Обратите внимание, что здесь указаны только модели DH и One Pass Unified, потому что, как сказано в 7.1 (выделено мной):
Если схема MQV (MQV2 или Full MQV) будет использоваться во время транзакции с противником, который владеет скомпрометированным статическим закрытым ключом (или скомпрометированная неявная подпись, соответствующая этому статическому закрытому ключу), злоумышленник может маскироваться под владельца скомпрометированной пары ключей (или как владелец пары статических ключей, соответствующей скомпрометированной неявной подписи).
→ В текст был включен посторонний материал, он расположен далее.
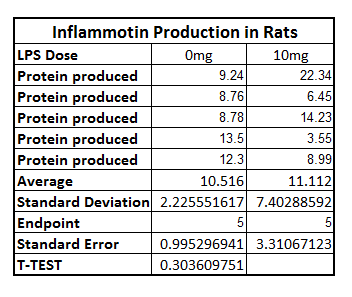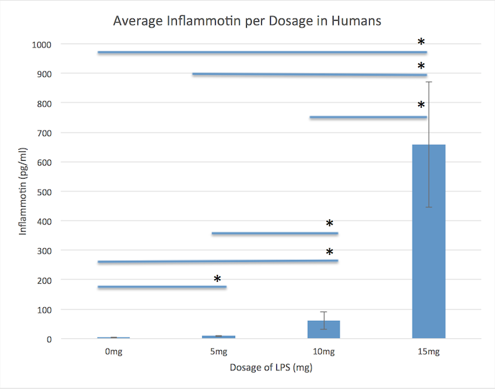 ResultsAbove is the graph of the average Inflammotin produced per human subject for each dosage. The graph also includes error bars, which show how the data varied. The error bars are increasing and offset so we can infer that the data is significant. The graph for the average Inflammotin produced in rats as a result of LPS dosage shows that the dosage has no effect on the production. Also, the error bars show that the Inflammotin production varied greatly within each dose therefore the data shows no significance.
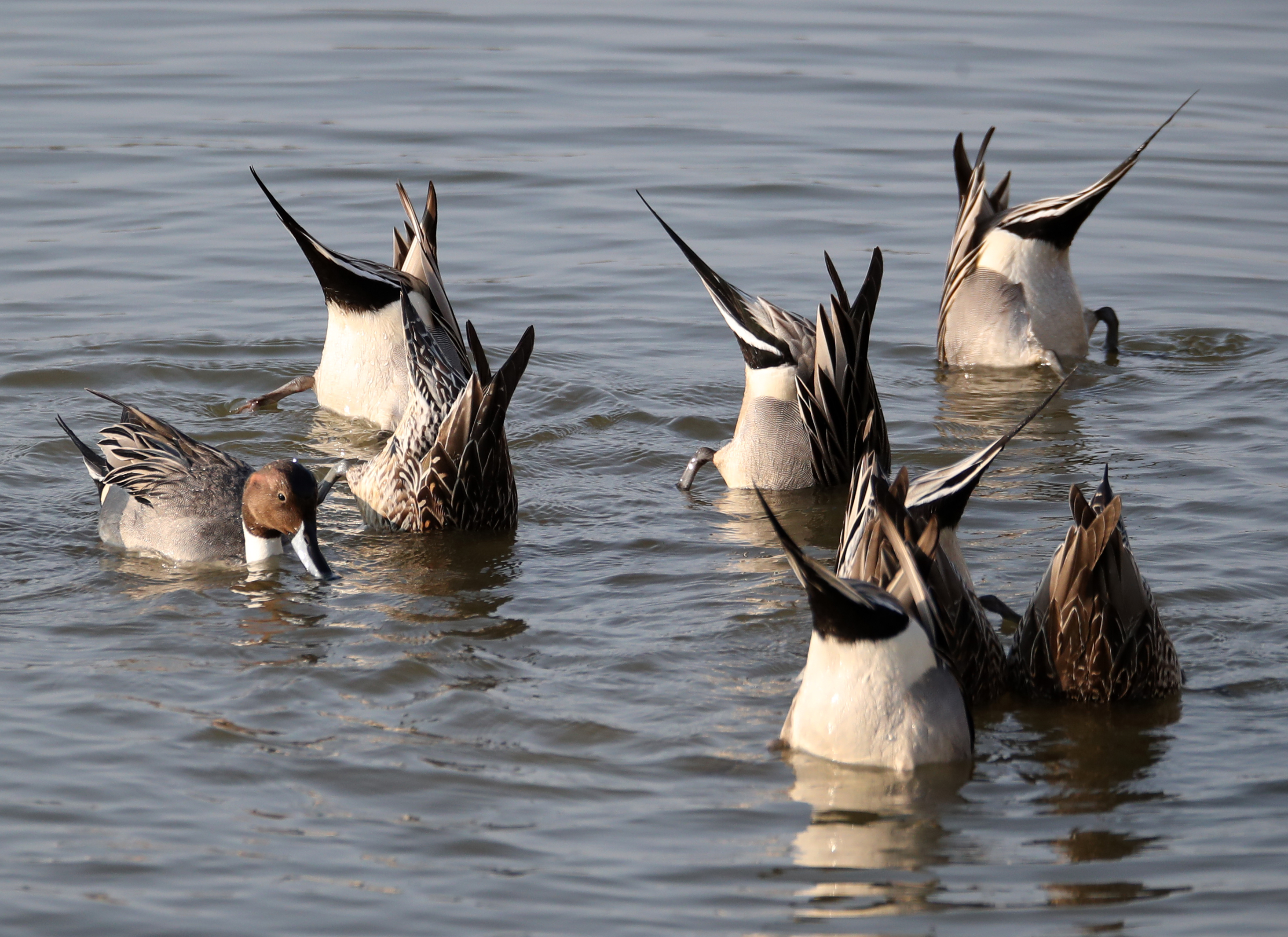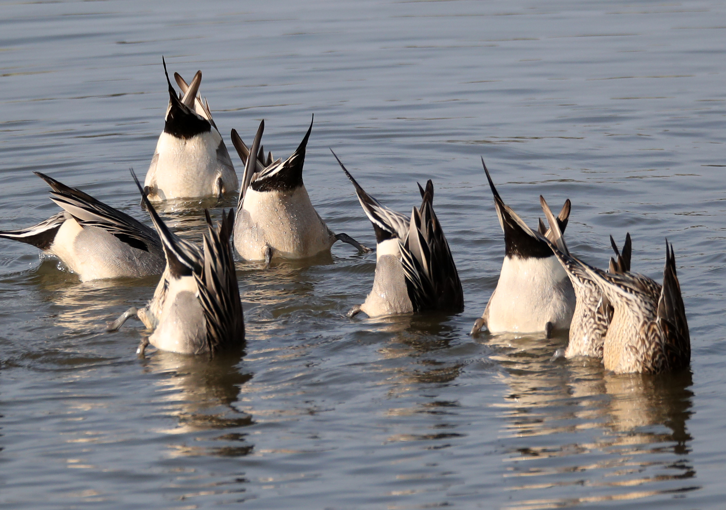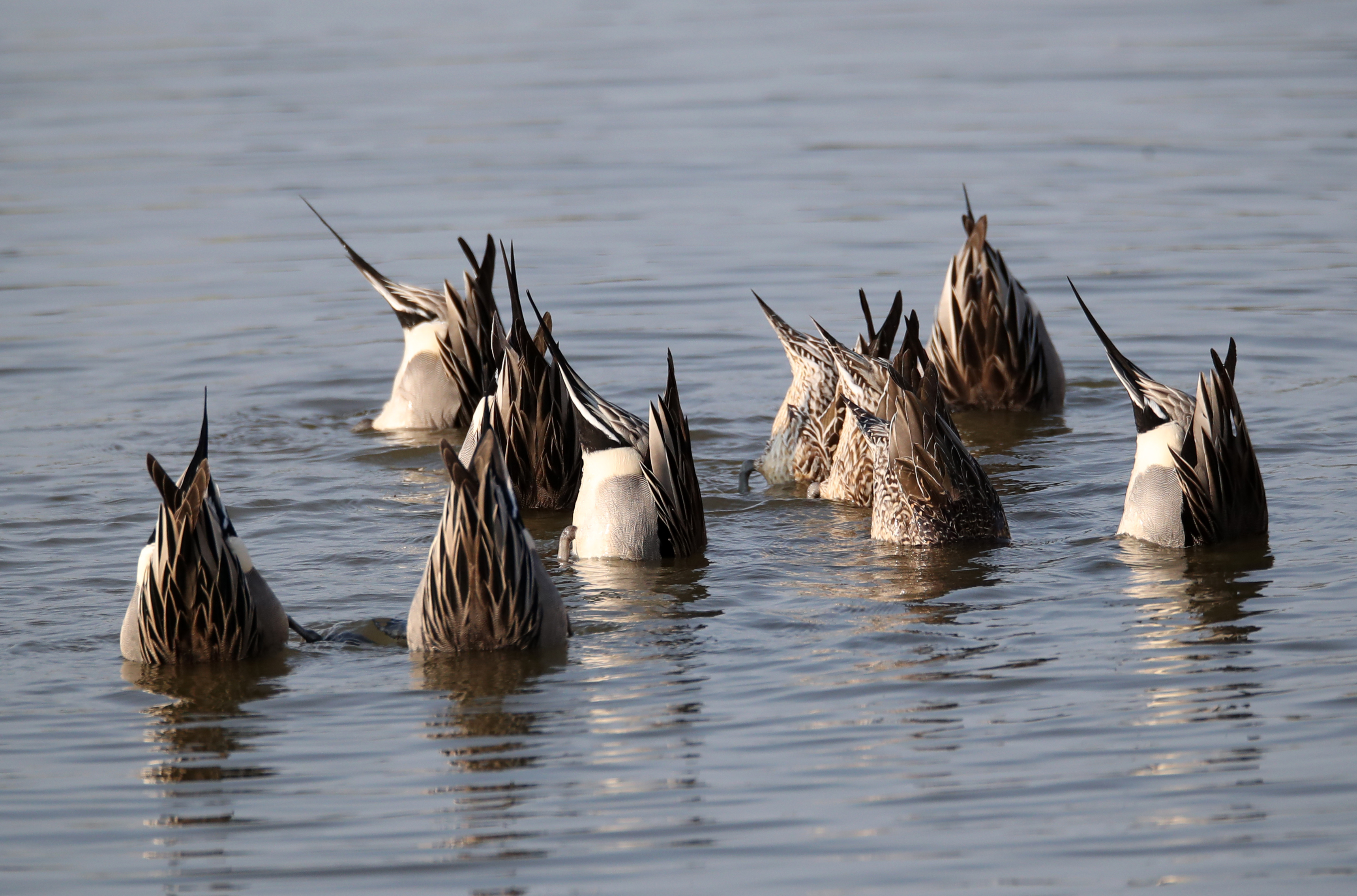 Northern pintails are diving in search of prey at Gyeongpo Lake in Gangneung-si, Gangwon-do. Photos by Yoo Hyung-jae [Yoo Hyung-jae, who took these pictures, is a photo reporter at Yonhap News Agency ...

Однако использование модели Full Unified или схемы dhHybrid1 дает противнику дополнительные возможности для маскировки.: если злоумышленник скомпрометирует статический закрытый ключ объекта, то злоумышленник может выдать себя за любой другой объект во время транзакции соглашения о ключе на основе полной унифицированной модели или dhHybrid1 с этим объектом.
Схемы MQV в их «двухпроходных» формах уже устойчивы к этим атакам Key Compromise Impersonation и не требуют дополнительного шага, который делают схемы на основе модели DH или Full Unified, которые подробно описаны в 5.6.2.2.3.2 и 5.6.2.2.4. Вероятно, поэтому они не указаны явно в 5.6.2.2.4.
В.1
И, в конце концов, я думаю, что ответ на ваш первый вопрос естественным образом вытекает из приведенных выше подробностей:
- Расчеты согласования ключей с подтверждением ключа также доказывают владение статическим закрытым ключом, поэтому нет необходимости задавать другие вопросы другой стороне, правильно ли это?
Нет, это также может доказать владение вашим статическим закрытым ключом. Вот почему нам нужны эфемерные ключевые шаги.